The third dimension of mindfulness emerges quite naturally after you have established mindful-presence and this is investigation. When we investigate an emotion like anxiety or depression with mindfulness, it responds by differentiating into more subtle feelings, memories and inner imagery. We simply see more, and this is very important, because it is in the details of what we see that transformation becomes a possibility. Just like a car that won't start, the best response is to open the hood and look inside the engine. Solutions present themselves. If you see a loose wire, the solution is simple; but you had to look inside first or you would never have discovered the solution. We tend to stay stuck at the superficial outward appearance of our emotions; we take our anxiety or depression to be solid entities, when in fact they are never solid and never what they first appear to be. An emotion is a construct, like a fortress, and mindfulness is the process of taking apart the bricks and mortar.
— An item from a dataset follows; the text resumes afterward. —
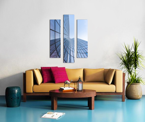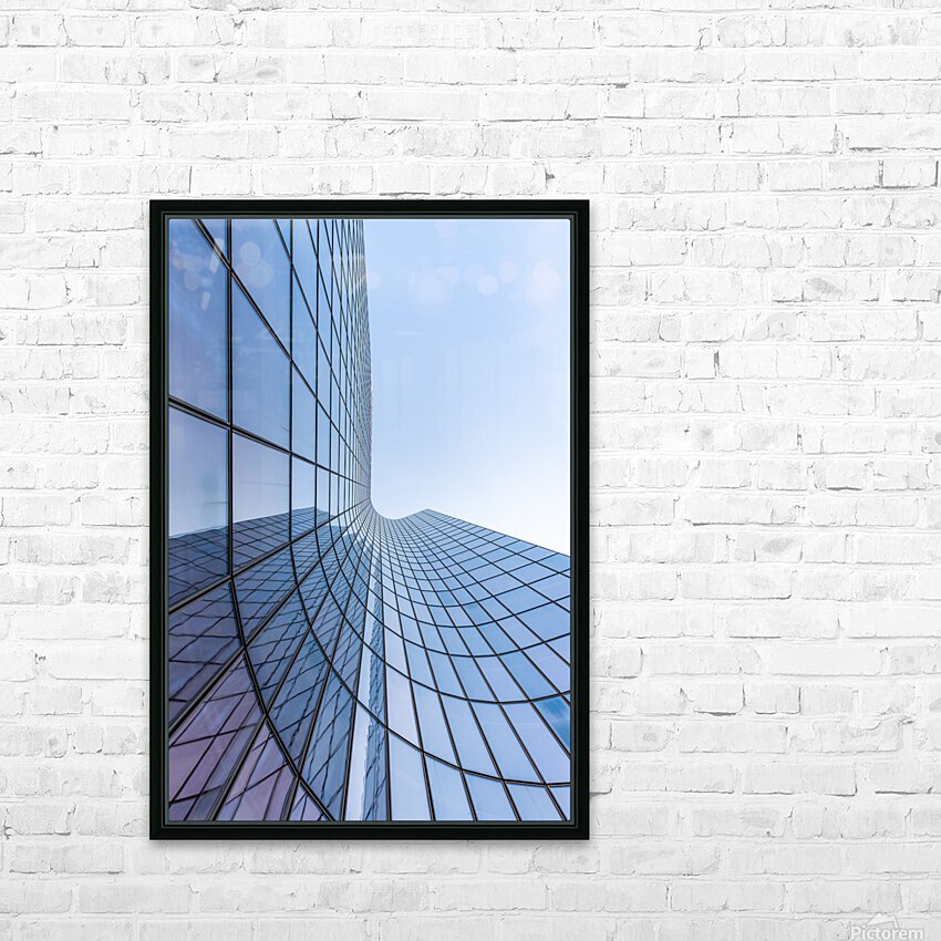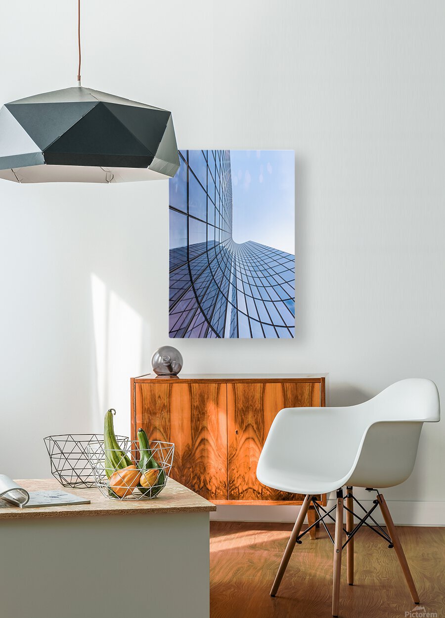 ABOUT THIS ARTWORK: BLUE CURVED GLASS SKYSCRAPER FACADE AGAINST SKY

When you begin to disassemble the emotion, then the solutions begin to present themselves quite spontaneously.
Hence, there is a fourth dimension to mindfulness, a transformational domain. First we learn not to react; then we learn to be present. When we are present, we begin to discover the inner structure of the emotion, and this paves the way for transformation. Actually, each of these preliminary dimensions of mindfulness is transformational; overcoming reactivity and learning to relate to inner pain is the hallmark of successful psychotherapy. However, making the inner structure of our depression conscious will directly lead to the transformation at the core level. The psyche has a remarkable ability to heal itself if given the freedom to change and this freedom is provided by mindfulness. It is assumed that we all have an innate inner wisdom-intelligence, called satipanna in Buddhist psychology, which directs change from instability to stability; from discord to harmony; from suffering to well-being. This natural intelligence is just like the wisdom of the body, called homeostasis, which continually makes adjustments to maintain health. It is thought that the psyche is also guided by psychological homeostasis towards well-being and happiness. When mindfulness is established, we create the ideal conditions of inner freedom in which this natural intelligence will direct the process of inner transformation.